Open KelseyChetnik opened 6 years ago

KelseyChetnik commented 6 years ago

I’ve noticed that the results I get using the command line tool aren’t the same as the results I get using the web app. These are the first 10 results from the web app and the command line, respectively: MetFrag_CL_Web_Compare.xlsx

I’ve highlighted a few corresponding compounds so you can see how each of the tools is ranking them. Could someone explain to me: -Why these compounds are being ranked differently? -Why isn’t the command line tool providing a value for the IUPAC Names? -For the compound with identifier 4142084 and the compound with identifier 4996475, why are the molecular formulas different between the web app and the command line?

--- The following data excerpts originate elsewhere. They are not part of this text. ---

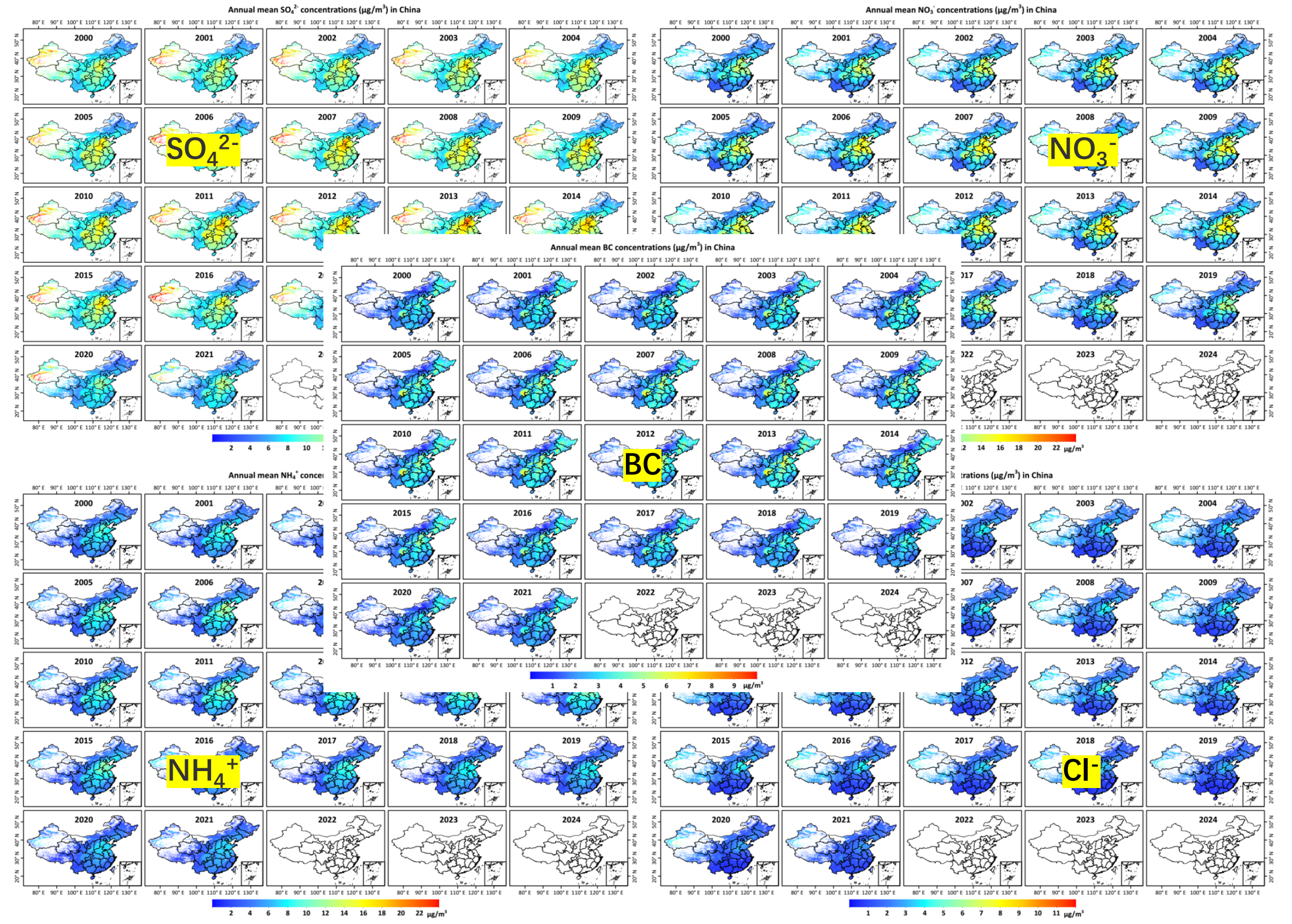 Reference: Wei, J., Li, Z., Chen, X., Li, C., Sun, Y., Wang, J., Lyapustin, A., Brasseur, G., Jiang, M., Sun, L., Wang, T., Jung, C., Qiu, B., Fang, C., Liu, X., Hao, J., Wang, Y., Zhan, M., Song, X., and Liu, Y. Separating daily 1 km PM2.5 inorganic chemical composition in China since 2000 via deep learning integrating ground, satellite, and model data. Environmental Science & Technology, 2023, 57(46), 18282–18295. https://doi.org/10.1021/acs.est.3c00272 (ESI Highly Cited Paper)
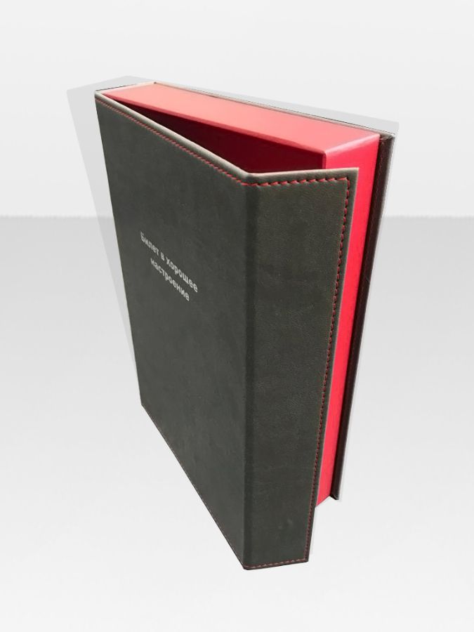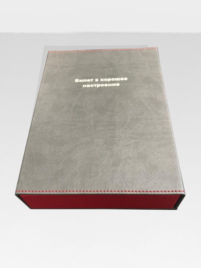 Коробка подарочная из переплетного картона. Снаружи оклеена искусственной кожей с последующей прострочкой и тиснением фольгой. Внутри имитлин. Клапан на магнитах.
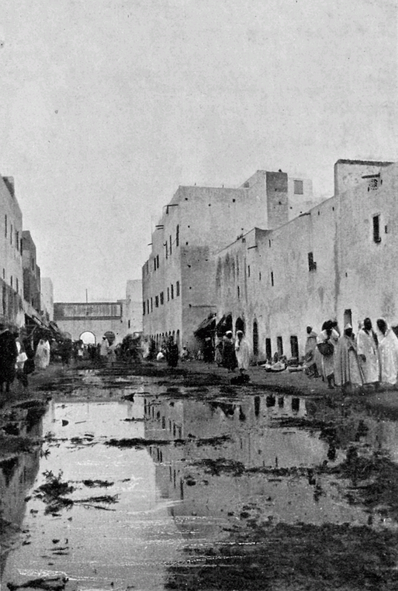 [4] The bare fringe alone of Morocco, its coast towns, and the choice, let us say, of two roads connecting them with its capitals, Fez and Morocco City, are open to travellers; beyond these limits it is difficult and dangerous for Europeans to venture. Of even its coasts towns England knows little enough: a daily paper printed in 1902 describes one flourishing seaport of thirty thousand inhabitants as "a village." There is more vagueness, in fact, about a country three times the size of Great Britain and four days' journey from London than of many a remote corner in the heart of Asia.

Additional information: I’m also including the parameter file I used on the command line. This file was downloaded directly from the web app – I did not alter it in any way. MetFragWeb_Parameters.txt

The command line tool version I’m using is: MetFrag2.4.2-CL.jar This is the output from the command line tool:

metfragcl_output

These are screenshots of how the web app was set / the values I entered:

metfragwebapp1 metfragwebapp2
c-ruttkies commented 6 years ago

Hi, thanks for the comment. Could you send me a feedback message with the data directly from the web tool via the feedback button on the right side? The MS2 peak list is necessary to debug your issue.

Let me try to answer your questions: -Why these compounds are being ranked differently? A: Therefore I would need the peak list.

-Why isn’t the command line tool providing a value for the IUPAC Names? A: The web version uses a local mirror of PubChem where the IUPAC names are available. I will add the query for UIPAC names also for the online PubChem version which is used in the CL version. This property should be added then.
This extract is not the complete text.